Linda Grant's novel shows how clothes reflect the identity and aspirations of their wearers
Stephanie Yap

Sun, Mar 02, 2008
The Sunday Times

YES, as the title suggests, this book talks a lot about clothes - silk gowns and vintage cocktail dresses, leather jackets and red snakeskin shoes, rags to riches.

But this is not your usual novel about fashion, written by a disgruntled magazine editorial assistant and studded with designer names. Orange Prize-winning British author Linda Grant takes the familiar phrase used to describe so many immigrants - 'they came to this country with only the clothes on their backs' - and turns it into a meditation on how people use clothes as a way to reinforce identity, to help themselves transform from who they are to who they hope to be.
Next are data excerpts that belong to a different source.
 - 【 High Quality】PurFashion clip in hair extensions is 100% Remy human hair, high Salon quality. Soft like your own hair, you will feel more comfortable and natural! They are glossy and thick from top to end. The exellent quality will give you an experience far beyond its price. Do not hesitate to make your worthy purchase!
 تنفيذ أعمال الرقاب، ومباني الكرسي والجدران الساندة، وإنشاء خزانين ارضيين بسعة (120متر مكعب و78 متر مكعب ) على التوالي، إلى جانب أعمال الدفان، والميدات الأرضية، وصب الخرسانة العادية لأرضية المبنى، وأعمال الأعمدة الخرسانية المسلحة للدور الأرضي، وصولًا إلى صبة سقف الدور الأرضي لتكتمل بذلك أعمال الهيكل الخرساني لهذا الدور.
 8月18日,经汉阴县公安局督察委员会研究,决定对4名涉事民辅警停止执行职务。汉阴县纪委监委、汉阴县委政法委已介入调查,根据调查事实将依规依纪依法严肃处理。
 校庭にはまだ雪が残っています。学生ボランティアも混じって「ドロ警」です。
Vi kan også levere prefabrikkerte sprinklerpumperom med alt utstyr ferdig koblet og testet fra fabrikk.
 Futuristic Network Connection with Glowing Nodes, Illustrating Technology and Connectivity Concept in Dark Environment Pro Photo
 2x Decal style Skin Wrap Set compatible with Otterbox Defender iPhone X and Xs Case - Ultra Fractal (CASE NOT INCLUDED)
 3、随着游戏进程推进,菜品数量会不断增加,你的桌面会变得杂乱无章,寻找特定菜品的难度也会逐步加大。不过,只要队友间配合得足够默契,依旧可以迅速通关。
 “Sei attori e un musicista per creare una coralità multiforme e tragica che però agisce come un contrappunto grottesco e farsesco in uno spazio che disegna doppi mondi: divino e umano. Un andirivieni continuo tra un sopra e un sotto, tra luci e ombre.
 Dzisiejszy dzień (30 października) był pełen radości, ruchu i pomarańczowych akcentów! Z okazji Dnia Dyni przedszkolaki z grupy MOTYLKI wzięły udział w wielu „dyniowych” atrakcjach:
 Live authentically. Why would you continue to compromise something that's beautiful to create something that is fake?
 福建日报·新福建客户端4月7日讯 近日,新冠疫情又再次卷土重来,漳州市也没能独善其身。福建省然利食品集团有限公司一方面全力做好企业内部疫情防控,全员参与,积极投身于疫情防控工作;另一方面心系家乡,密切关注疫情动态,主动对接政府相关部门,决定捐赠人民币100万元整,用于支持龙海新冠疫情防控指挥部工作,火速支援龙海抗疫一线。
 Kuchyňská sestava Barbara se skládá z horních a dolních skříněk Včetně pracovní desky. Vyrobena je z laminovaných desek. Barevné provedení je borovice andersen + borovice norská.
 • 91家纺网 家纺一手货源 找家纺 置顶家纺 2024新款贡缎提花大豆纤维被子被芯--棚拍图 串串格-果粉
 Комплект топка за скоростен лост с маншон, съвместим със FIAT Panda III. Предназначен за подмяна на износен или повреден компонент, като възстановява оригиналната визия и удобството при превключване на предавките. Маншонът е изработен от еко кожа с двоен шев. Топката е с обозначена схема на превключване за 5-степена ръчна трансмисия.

The narrator is Vivien Kovaks, the daughter of Jewish-Hungarian refugees who immigrated to London in 1938, before the outbreak of World War II. Once safely installed in their rent-controlled apartment, they live a law-abiding, low-profile life, 'not so much peaceful as inert'.

Then there is her uncle Sandor Kovacs, a person apparently so vile that her father changed the spelling of his surname to distance himself from him. As a child, Vivien was told by her parents that they wanted nothing to do with her uncle on the grounds that he was a notorious slumlord, renting out squalid rooms to the desperate black immigrants from the Caribbean spilling into London in the 1950s and 1960s.

Yet, the one time Sandor turns up on their doorstep in 1963, when Vivien is 10, the girl brought up in donated hand-me-downs is left with an indelible image: 'A man in an electric blue mohair suit, black hand-stitched suede shoes, his wrist flashing with a fancy watch attached to a diamond bracelet.'

Though her uncle is dismissed from the door by her father after a shouting match, Vivien seeks him out more than 10 years later when, now a young widow with no goals, she comes across his picture in a book about slum housing.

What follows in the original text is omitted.